Consider a real massive vector field with lagrangian density
$$\begin{align}\mathcal{L}&=-\frac{1}{4}(\partial_\mu A_\nu-\partial_\nu A_\mu)(\partial^\mu A^\nu-\partial^\nu A^\mu)+\frac{1}{2}m^2 A^\mu A_\mu\\&=-\frac{1}{2}(\partial_\mu A_\nu-\partial_\nu A_\mu)\partial^\mu A^\nu+\frac{1}{2}m^2 A^\mu A_\mu.\tag{1}\end{align}$$
Under a local gauge transformation $A_\mu\longrightarrow A_\mu+\partial_\mu f$ the lagrangian density is not invariant
$$\begin{align}\mathcal{L}\longrightarrow&~\mathcal{L}+\frac{1}{2}m^2\left(2A^\mu+\partial^\mu f\right)\partial_\mu f\\=&\,\mathcal{L}-\frac{1}{2}m^2f\left(2\partial_\mu A^\mu+\square f\right)\end{align}\tag{2}$$
unless we take an $f$ that satisfies $$\square f=-2\partial_\mu A^\mu\tag{3}.$$
Equations of motion for the vector field are
$$(\square+m^2) A^\mu-\partial^\mu\partial_\nu A^\nu=0,\tag{4}$$ and taking its divergence $\partial_\mu$ we obtain $$\partial_\mu A^\mu=0\tag{5}.$$
This identity is the Lorenz gauge, but it is satisfied automatically. Then, from $(3),$ $A_\mu\longrightarrow A_\mu+\partial_\mu f$ is a symmetry of the theory as long as $\square f=0$. Can this be considered a kind of "partial" or "reduced" gauge symmetry?
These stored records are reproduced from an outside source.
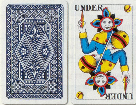
Der Schmaus nach dem Verteilen: links Stock, rechts Trumpfkarte.

Obenabe und Undenufe werden beim Schmaus nicht gespielt. Es gelten die bekannten Weisregeln. Solange Karten aufliegen, darf bei jedem Stich gewiesen werden: Dreiblatt von einem Ober (einer Dame), drei vom König, drei vom Ass und schlussendlich 100 vom Ass. Es darf jedoch in der gleichen Grösse nie abwärts gewiesen werden. Wer 50 von einem Under (vom Buben) gewiesen hat – Achter, Neuner, Banner (Zehner), Under (Bube) – und den Siebner aufnimmt, muss 100 vom Under weisen, also nicht mehr Dreiblatt vom Neuner, 50 vom Banner.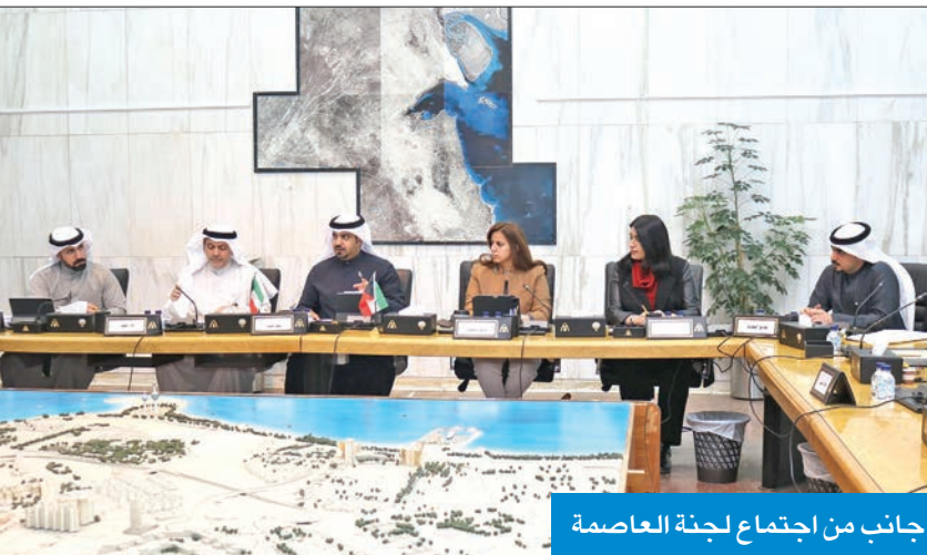
جانب من اجتماع لجنة العاصمة

العبد الجادر، على 4 طلبات لوزارة الكهرباء و الماء والطاقة المتجددة بشأن تخصيص مواقع محطة تحويل ثانوية في منطقتي العديلية (قطعتي 1 و3)، والروضة (قطعة 1)، فضلاً عن تغيير موقع محول غير قائم بمنطقة قرطبة (قطعة 1). كما وافقت اللجنة على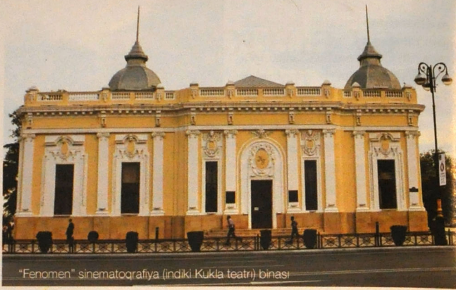
"Fenomen" sinematografiya (indiki Kukla teatri) binası

H.Z.Tağıyevin tikirdiyi teatr binası, Azərbaycan Dövlət Filarmoniyasının binası, Dənizkənarı parkda yerləşmiş Azərbaycan Dövlət Kukla teatrının binası, Hökumət evi, inşa edilmiş müxtəlif tipli yaşayış və inzibati binalar da misal göstərilə bilər. Azərbaycan müstəqillik qazandıqdan sonra da Bakı şəhərində şəhərsalma işləri davam etdirilmişdir. Müasir günümüzə ucaldıran hündürmərtəbəli binalarla yanaşı, inzibati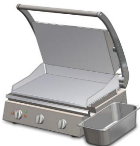
GC835 für/for GSA815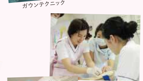
ガウンテクニック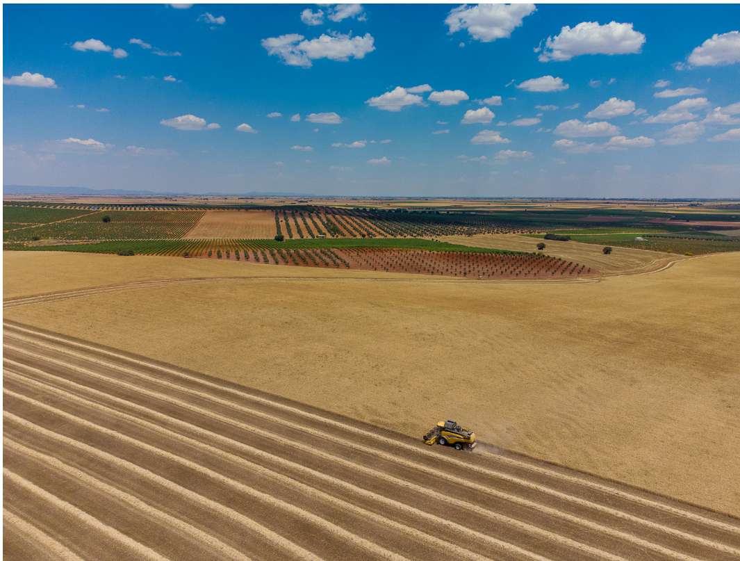
"CAMPOS DE CARMONA" . CARMONA (SEVILLA).

Edit: I realized one thing.
With $(5)$, the eom $(4)$ becomes $$(\square+m^2)A_\mu=0,\tag{6}$$ but this equation is not invariant under the transformation $A_\mu\longrightarrow A_\mu+\partial_\mu f$ even if $\square f=0$. Why is this equation not invariant but the lagrangian density is?